No seu cotidiano, o homem precisa satisfazer uma série de necessidades, sem as quais a vida se tornaria difícil. Tais necessidades são materializadas em forma de alimento, transporte, habitação, vestimenta, material de higiene, entre outros, os quais precisam de constantes renovações, para possibilitar ao homem a continuidade de sua satisfação. Para que isso ocorra, é necessário que novos bens sejam preparados, por meio da produção. E para que a produção ocorra são utilizados fatores que se juntem para fazer surgir os produtos. Os fatores de produção são: a terra, o trabalho e o capital. O planejamento é um instrumento valioso em qualquer atividade na qual se buscam resultados positivos; assim, uma vez que dispõe dos recursos necessários, uma empresa pode, enfim, planejar sua produção. Para tanto, é imprescindível que realize estudos de alguns pontos importantes, como mercado, disponibilidade de mão de obra e matéria-prima, produto (especificação e padronização), capacidade produtiva dos equipamentos, custos, conhecimento do processo e recursos. Cabe ao planejamento da produção objetivar os planos para orientação e controle da produção. Em termos simples, o Planejamento e Controle da Produção determina o que vai ser produzido, quanto vai ser produzido, como vai ser produzido, onde vai ser produzido, quem vai produzir e quando vai ser produzido. Constitui-se, então, em processo não complexo, porém, com vários caminhos a serem seguidos, o que exigirá da empresa uma análise rigorosa de todas as etapas que serão efetuadas. Todo esse rigor na execução de um planejamento da produção repousa no fato de ser neste setor onde os bens tomam sua forma final. Daí deve proceder dentro das especificações estabelecidas por um mercado altamente exigente no que se refere aos padrões de qualidade. Portanto, não se trata só de planejar, como de controlar também a produção.
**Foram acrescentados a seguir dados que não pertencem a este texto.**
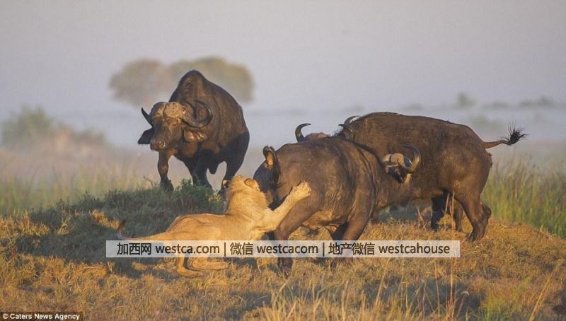 近日,攝影師Wim van den Heever記錄下了在博茨瓦納的奧卡萬戈叁角洲發生的驚險壹幕。壹頭母水牛在解救被獅子襲擊的小牛時陷入了兩頭母獅的圍攻,場面危急。而此時另壹頭公水牛沖進戰局,不僅解救了水牛母女,還反殺成功,幾乎當場頂死了壹頭母獅。

Em princípio, sabe-se que a produção deve atender à demanda do mercado, fato condicional para a sobrevivência de qualquer empresa deste segmento. É sobre este aspecto que se deve enfatizar o controle da produção, ou seja, uma comparação do que foi feito com o que deveria ter sido feito. À medida que a empresa executa com seriedade um controle sobre sua produção, diminuirá o risco de incorrer em erros, definindo, então, sua capacidade de administração dos propósitos tratados. Espera-se que esta seja uma tarefa contínua, buscando melhorias e soluções para problemas encontrados anteriormente. Trata-se da determinação da qualidade de seus serviços, importante como a qualidade de seus produtos. Os fatores de produção nos fornecem uma macrovisão do sistema produtivo, enquanto os meios de produção permitem uma visão voltada para o interior da unidade produtiva. Apesar de haver identidade entre os dois termos, os meios de produção são instrumentos utilizados na obtenção ou na transformação dos produtos fabricados. Os meios aplicados na produção são: a matéria-prima, que é o material necessário para a fabricação dos bens, que uma vez transformado, dará origem ao produto; a mão de obra, que é o esforço humano necessário ao comando do processo produtivo, por meio do qual a matéria-prima é transformada, e os equipamentos que são os meios utilizados pela mão de obra na transformação da matéria-prima em produto.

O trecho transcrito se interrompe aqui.